If the user has not yet uploaded a file, we will use an example file as default. We will add some sliders and selectors to change the settings of the function

# User settings
st.sidebar.title('Settings :gear:')
shape = st.sidebar.selectbox('Shape (used for calculating distance in RGB-space)', ['sphere', 'cube'])
interpolation = st.sidebar.selectbox('Interpolation', ['linear', 'power', 'root', 'smooth', 'inverse-sin'])

top_threshold_bound = 255 if shape == 'cube' else 442
transparency_threshold = st.sidebar.slider('Transparency Threshold', 0, top_threshold_bound, 18)
opacity_threshold = st.sidebar.slider('Opacity Threshold', 0, top_threshold_bound, 193)

Keeping in mind that if the user wants to use the Euclidean (spherical) distance metric, that the furthest distance between two points in the RGB-space is approximately 442. To help the user select an appropriate color to remove, we will recommend the top colors in the image to the user with the following auxiliary function:

# To get the top colors in the image
def get_pixel_distribution(img):
    width, height = img.size
    counter = dict()

    # Count the number of pixels of each color
    for h in range(height):
        for w in range(width):
            pix = img.getpixel((w, h))
            if pix not in counter:
                counter[pix] = 1
            else:
                counter[pix] += 1

    # Sort the dictionary by value, highest to lowest
    counter = sorted(counter.items(), key=lambda x: x[1], reverse=True)
    return counter

Finally to finish the process and the web app, we will save it to a BytesIO buffer and retrieve the information when the user clicks the download button.

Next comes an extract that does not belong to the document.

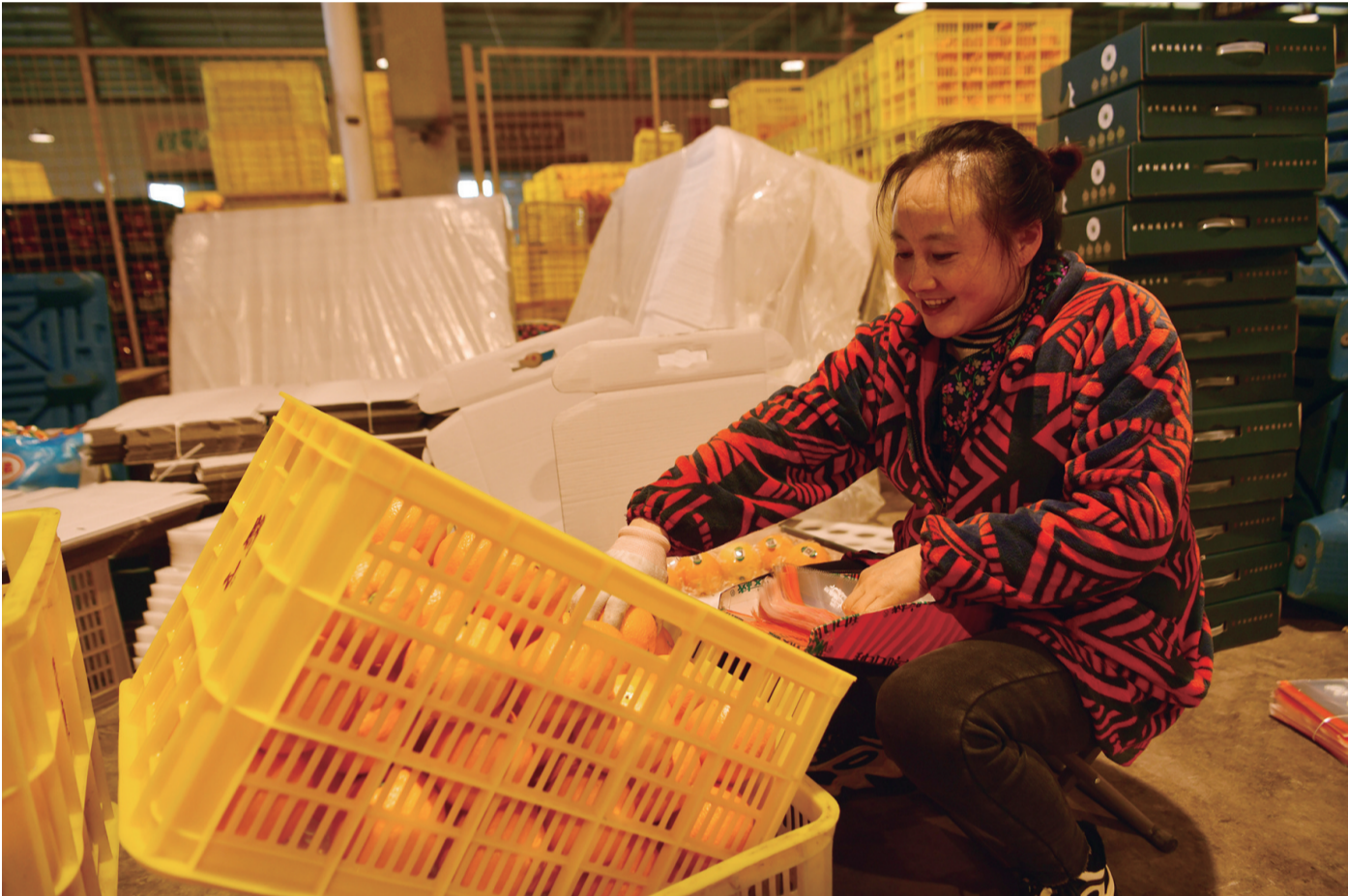
12月21日，工人在湖北省宜昌市秭归县脐橙小镇数字化电商中心包装鲜橙。

# For downloading the new image
def convert_image(img):
    buf = BytesIO()
    img.save(buf, format='PNG')
    byte_im = buf.getvalue()
    return byte_im


# Add download button
col2.download_button('Download Image', convert_image(cta_img), file_name='color_to_alpha.png', mime='image/png')

Takeaways and Learnings

Creating the web app was a much easier task than coding the CTA algorithm. During my first attempt to make this, I used two for loops to traverse through each pixel in the image. This was a valid method since the new RGBA values for each pixel are independent of other pixels in the image and only a factor of the user settings. Or another way to say it is that the output is consistent with respect to the parameters (color, thresholds, interpolation, shape).

But I quickly learned how to make use of NumPy’s vectorization abilities and worked with the ndarrays themselves rather than each of their values individually. This was the first time I found that feature to be more of a necessity than a luxury (for aesthetic and efficiency purposes) and I feel confident in my ability to vectorize multidimensional data with NumPy.

Right now the algorithm will affect all pixels of a given color no matter where they are in the image. Maybe CTA could be combined with a background/edge detector to help feather the edges around foreground objects when removing their backgrounds.

But in the meantime, feel free to experiment with the algorithm here. Happy editing!